Saat ini, pekerjaan masih dalam tahap pemasangan bronjong kawat berukuran panjang 1,5 meter, tinggi 1 meter, dan lebar 1 meter.

Bronjong tersebut nantinya akan diisi dengan batu untuk menjaga kestabilan tanah tanpa menggunakan material cor.

“Di dalam bronjong disusun batu sebagai penahan tanah, seperti sistem batu miring,” tambah Cecep.

Ia juga menyebutkan bahwa para pekerja mulai bekerja sejak pagi hingga sore hari. Namun, jika kondisi mendesak, mereka siap bekerja hingga malam.

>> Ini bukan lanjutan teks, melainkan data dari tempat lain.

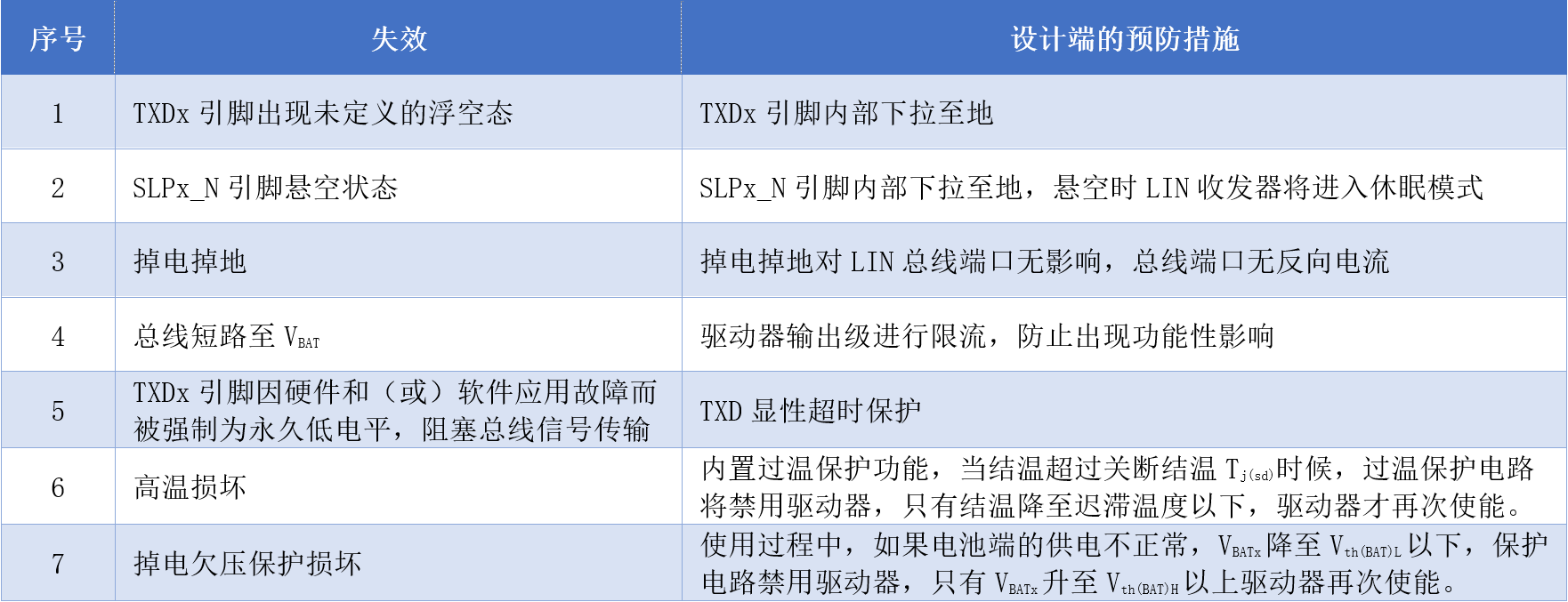 為防止SIT1022Q/SIT1024Q使用過程中出現(xiàn)的功能或者損壞的失效風(fēng)險(xiǎn),產(chǎn)品從設(shè)計(jì)端考慮進(jìn)行預(yù)防,其預(yù)防失效的安全特性一致,如表2所示。

“Biasanya kami bekerja sampai pukul 17.00 WIB. Tapi kalau memang diperlukan dan sifatnya mendesak, kami siap lembur hingga malam,” tuturnya.

Sementara itu, Kepala Seksi (Kasi) Reservasi Jalan dan Jembatan Dinas PUPR Kepri, Suji Hartanto, mengatakan bahwa pekerjaan pondasi saat ini masih berlangsung.

“Kami sudah mulai melakukan pengecoran lantai kerja setelah sebelumnya memasang pondasi pancang dengan kayu besar,” ungkapnya.